[RAW DATA]

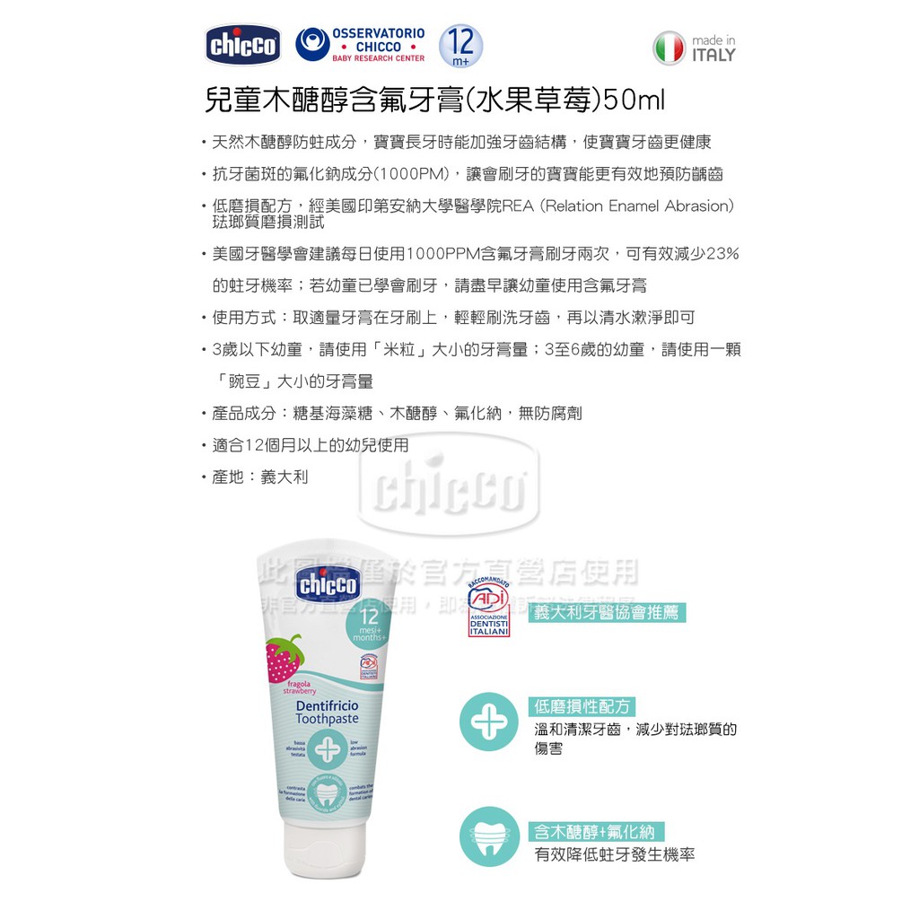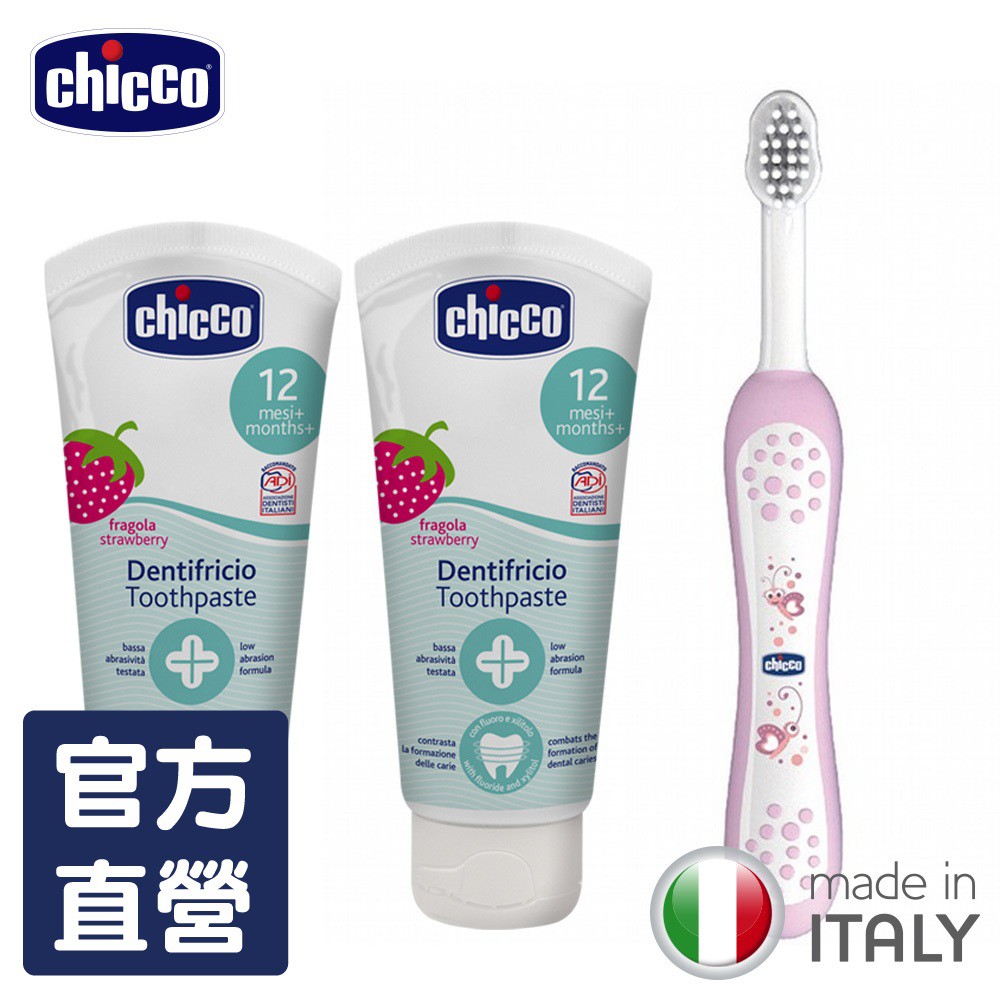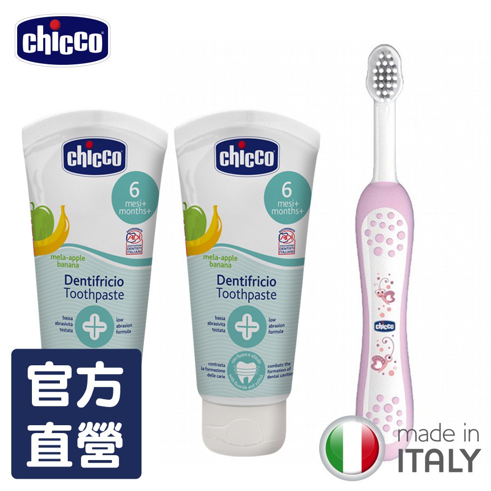 chicco-兒童含氟牙膏牙刷組-(水果草莓/蘋果香蕉) 適合幼兒使用 產地義大利
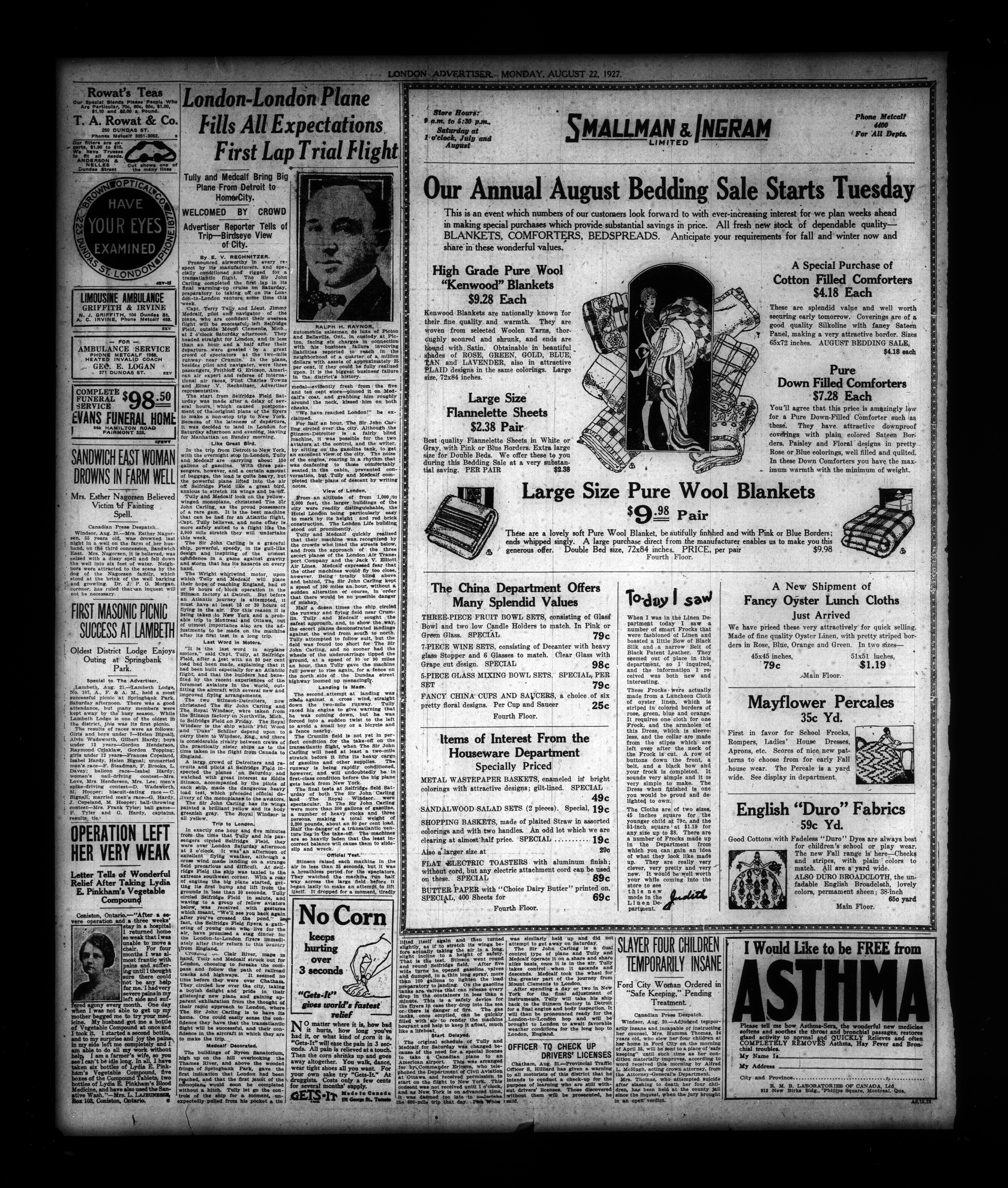 Aide London, Ontario : London Advertiser Company, Limited, [1927]; 14 images, 0 avec recherche en texte intégral
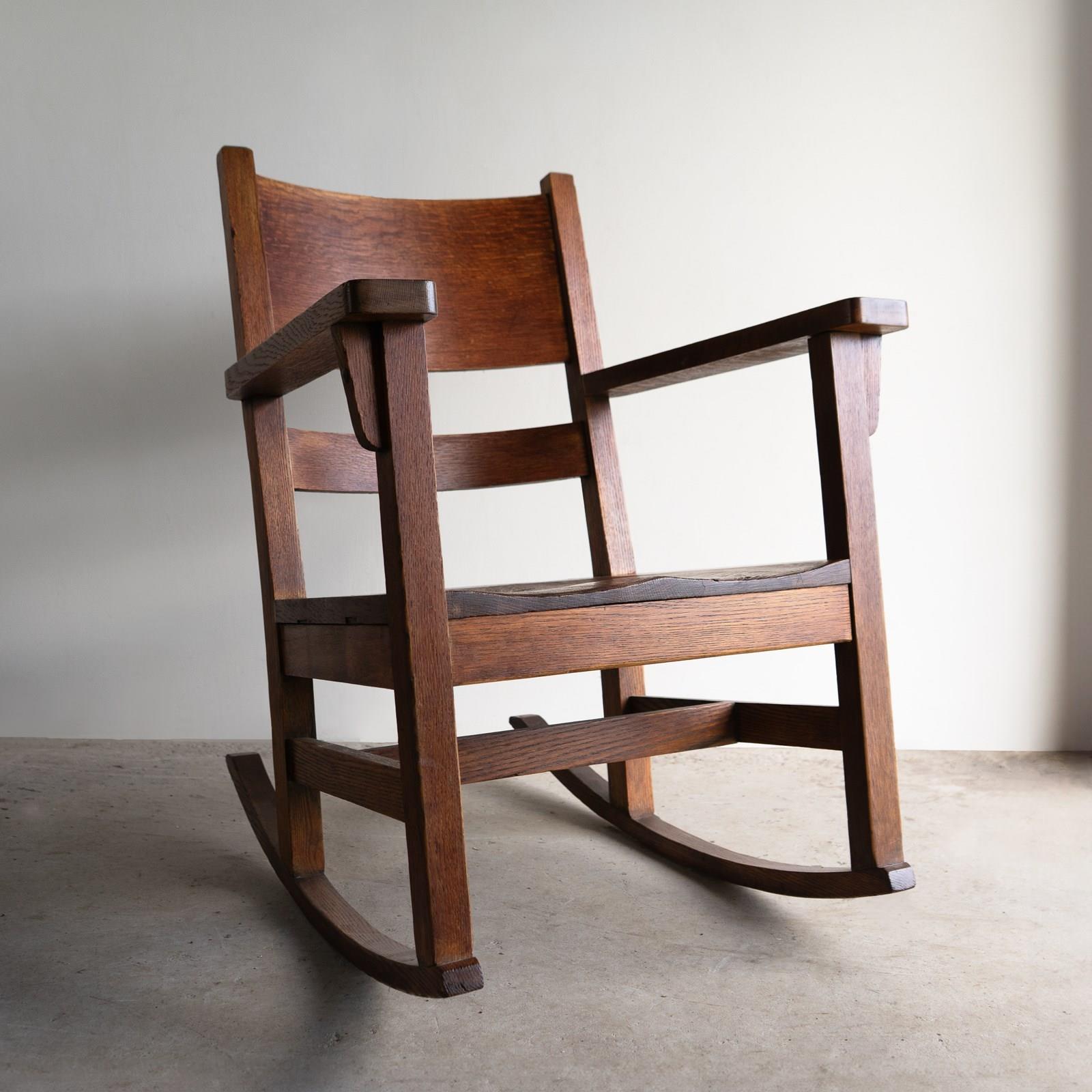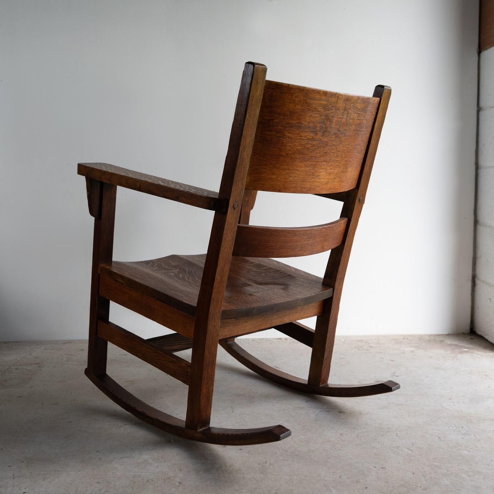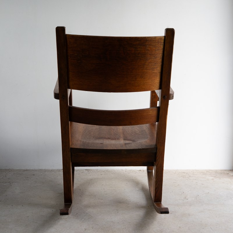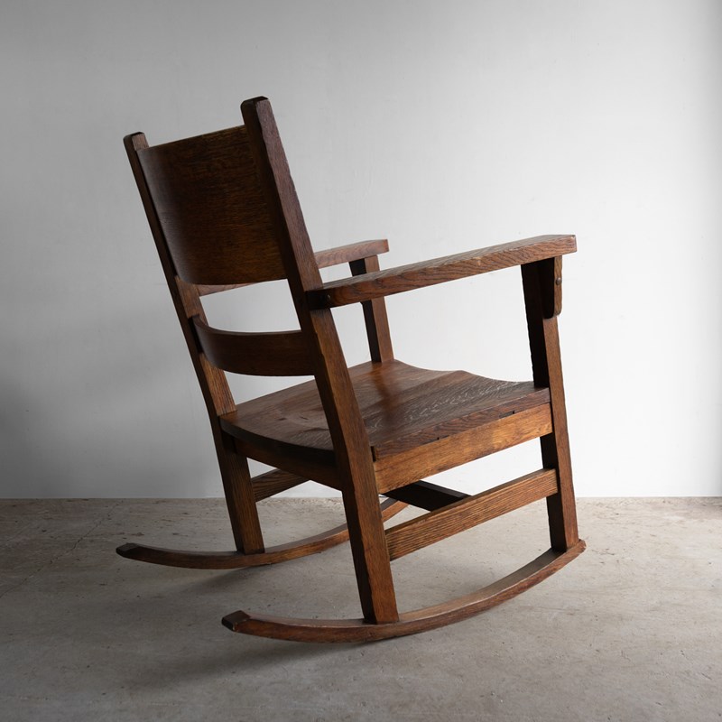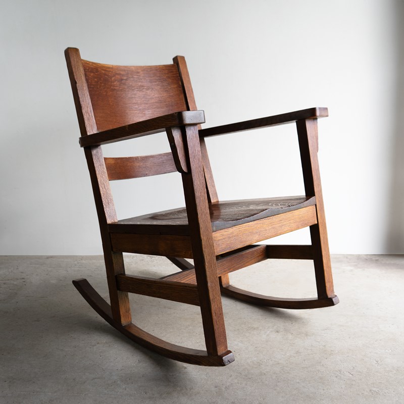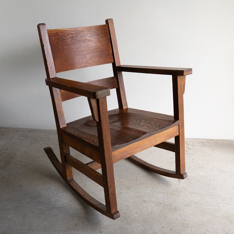 Antique Oak Arts And Crafts Rocking Chair, Manner Of Gustav Stickley, 20Th C

[/RAW DATA]

- _WHAT YOU NEED TO DO_: Output the material above verbatim but exclude each picture.

- _WRITTEN REPLY_:
 chicco-兒童含氟牙膏牙刷組-(水果草莓/蘋果香蕉) 適合幼兒使用 產地義大利
 Aide London, Ontario : London Advertiser Company, Limited, [1927]; 14 images, 0 avec recherche en texte intégral
 Antique Oak Arts And Crafts Rocking Chair, Manner Of Gustav Stickley, 20Th C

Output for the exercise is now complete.